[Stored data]
####################
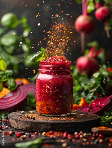 Liquid sauce on cutting board with beets and various spices flying around veggies in background
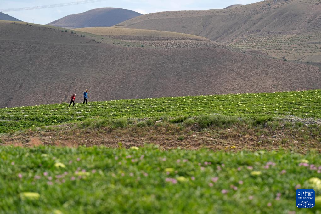 7月20日,农户在中卫市沙坡头区香山乡硒砂瓜田里劳作。
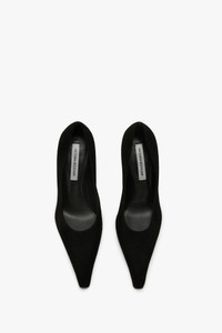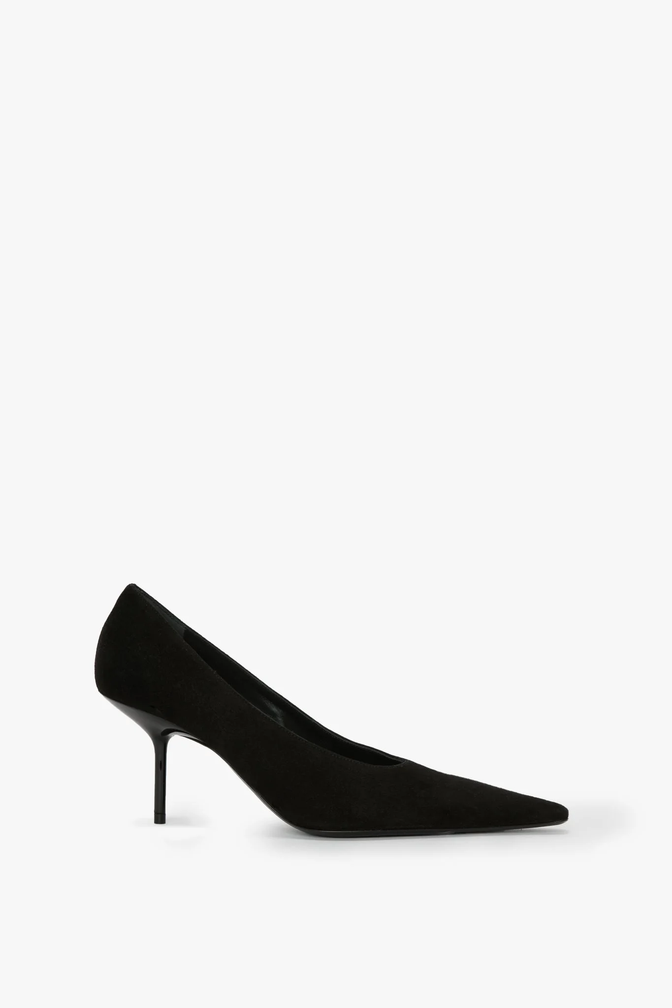Crafted in Italy and designed with a pinched, closed toe, which is elongating and elegant, the Stiletto Heel Mule In Black suede has a black lacquered 75mm stiletto for a textural contrast. A woven brand label stitched to the insole adds a subtle but sophisticated design detail, while a padded insock and leather lining complete the look. Size & Fit - 75mm stiletto heel - Fits true to size, take your regular size Product Details - Pinched, elongated closed toe shape - Black lacquered heel - Suede upper - Leather lining - Padded in-sock for added comfort - Woven brand label stitched to the insole - Suede - Made in Italy
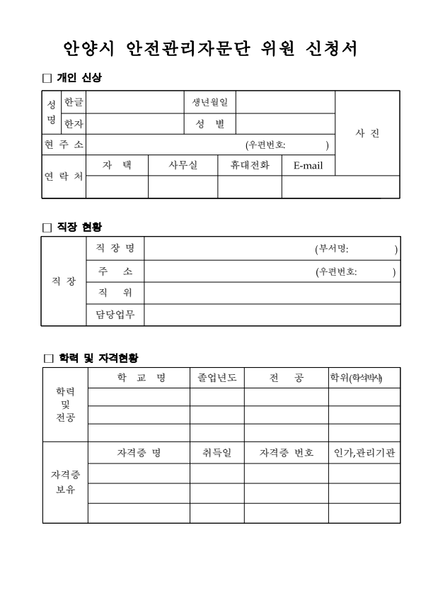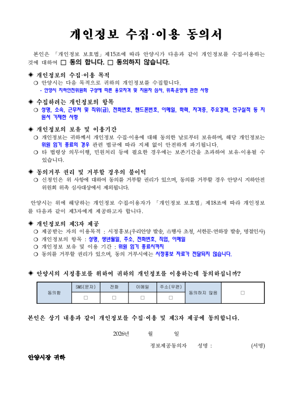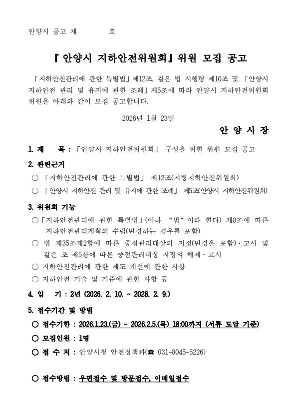 안양시 지하안전위원회 위원 모집
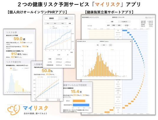 入院確率や健康余命など多様な健康リスクを予測し、延べ70万超のユーザ数を有する「マイリスク(R)︎」から、二つのアプリがリリースされます。
####################
### WORK REQUIRED
Only the text of the records belongs in your answer, repeated exactly; the pictures stay out.

### TASK SOLUTION
 Liquid sauce on cutting board with beets and various spices flying around veggies in background
 7月20日,农户在中卫市沙坡头区香山乡硒砂瓜田里劳作。
Crafted in Italy and designed with a pinched, closed toe, which is elongating and elegant, the Stiletto Heel Mule In Black suede has a black lacquered 75mm stiletto for a textural contrast. A woven brand label stitched to the insole adds a subtle but sophisticated design detail, while a padded insock and leather lining complete the look. Size & Fit - 75mm stiletto heel - Fits true to size, take your regular size Product Details - Pinched, elongated closed toe shape - Black lacquered heel - Suede upper - Leather lining - Padded in-sock for added comfort - Woven brand label stitched to the insole - Suede - Made in Italy
 안양시 지하안전위원회 위원 모집
 入院確率や健康余命など多様な健康リスクを予測し、延べ70万超のユーザ数を有する「マイリスク(R)︎」から、二つのアプリがリリースされます。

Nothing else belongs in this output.